Unified space system. Testing began in 2009. How many satellites were launched into orbit is not known for certain. The system implies the integration into a single complex of the Oko, Oko-1 systems and new satellites.

Current state of affairs

There are 3 satellites of the Oko system, 7 satellites of the Oko-1 system and approximately 2 satellites of the EKS system in orbit in working order.

Ground component

About the complex "Daryal" has already been written. I'll tell you a little about other stations.

Radar type "Volga"

The Volga radar is designed to detect ballistic missiles and space objects in flight at a distance of up to 5000 km, as well as to track, identify and measure the coordinates of targets, followed by the issuance of information on the state of the airspace to the Central Command and Computing Center of the early warning system.
Its construction began in 1981 in Belarus, when 180 American Pershing-2 missiles were based in Germany and Italy. After their withdrawal from Europe, the construction of the station was mothballed, as the construction of the Darial-type station in Latvia was coming to an end. But after it was blown up in 1995, it was decided to complete the construction of the Volga-type station in Belarus.
On December 15, 1999, factory tests of the Volga radar began, in 2002 it was accepted into the combat structure of the Space Forces, and in 2003 it was put on combat duty in the missile attack warning system.

Don-2n

One of the most complex, most highly protected facilities. The Don-2N multifunctional all-round radar is designed to detect ballistic targets at an altitude of up to 40,000 km, track them, determine coordinates and aim anti-missiles. The only working and efficient system PRO.
The Don-2N radar confirmed its high combat capabilities during the joint Russian-American Oderax experiment to track small space objects, when from the Shuttle spacecraft in 1994 in outer space metal balls with a diameter of 5.10 and 15 centimeters were thrown out. The US radars were able to track only 10 and 15 cm balls, and the five-centimeter one was only able to track the Don 2N radar at a range of 1500-2000 km. After detecting targets, the station accompanies them, automatically tunes out interference and selects false targets.

Radar type "Voronezh"

suprahorizontal radar station long-range detection of high factory readiness. Developed by the Research Institute of Long-Range Radio Communications. There is a station designed for the meter wavelength - "Voronezh-M", and for the decimeter - "Voronezh-DM". A feature of the facility is a significantly shorter deployment time at a new location and the possibility of relocating the station if necessary.
In 2006 deployed to Leningrad region, in 2009 took up combat duty.
In 2009 deployed in the Krasnodar Territory.
In the future, complexes should be deployed to replace the radar located outside the territory of Russia.

Perimeter system

Known in America as "The Dead Hand". Weapon doomsday in Soviet.
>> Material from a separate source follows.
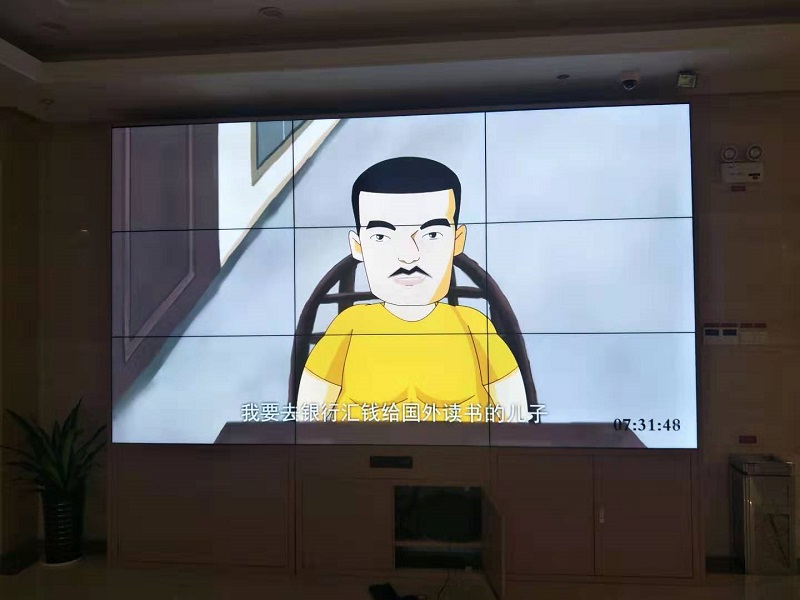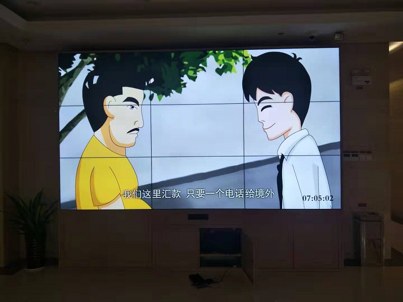 此次項(xiàng)目采用3.5mm拼縫設(shè)計(jì)完成3×3拼接顯示設(shè)備,在合肥農(nóng)商銀行大廳完成安裝搭建。

Only scattered facts are known about this system. Many believe that the existence of such a system is impossible, while others, on the contrary, argue that the system is still functioning and is on alert.

At its core, the Perimeter system is an alternative command system for all branches of the armed forces armed with nuclear warheads. It was created as a backup communication system, in case the key nodes of the Kazbek command system and the communication lines of the Strategic Missile Forces were destroyed. The whole system works without human intervention.
How the system works:
The command posts of the system (CPS) monitor the readings of sensors that monitor a number of parameters, whether nuclear strike around the country. If so, the system was attempting to contact key command posts. If the connection could not be established, the system decides on the beginning of the "judgment day". Signal rockets are launched from several mines, which, flying over the country, transmit commands to launch ALL available nuclear charges: mine-based missiles, sea-based missiles, mobile-based missiles.
In addition to the main algorithm of the system, there is a countdown algorithm. When the system is put into this mode, the countdown starts. If by the end of the countdown there is no confirmation of resetting the regime, the "doomsday" begins.
The system is completely autonomous, that is, all stages of work are automated, even the stages of rocket launch.
System Facts:
1. Signal flares and automatic launch systems have been tested and passed successfully. In addition, the first experimental launch of the Satan rocket was carried out by this particular system.
2. It is reliably known about the existence of at least 4 autonomous KPS points disguised as conventional air defense system bunkers.
3. The system was put on alert in 1985.

Under the START-1 treaty, Russia was supposed to remove the system from combat duty. Although the contract has already expired, the state of the system is not known for certain. According to some reports, she was again put on combat duty in 2001.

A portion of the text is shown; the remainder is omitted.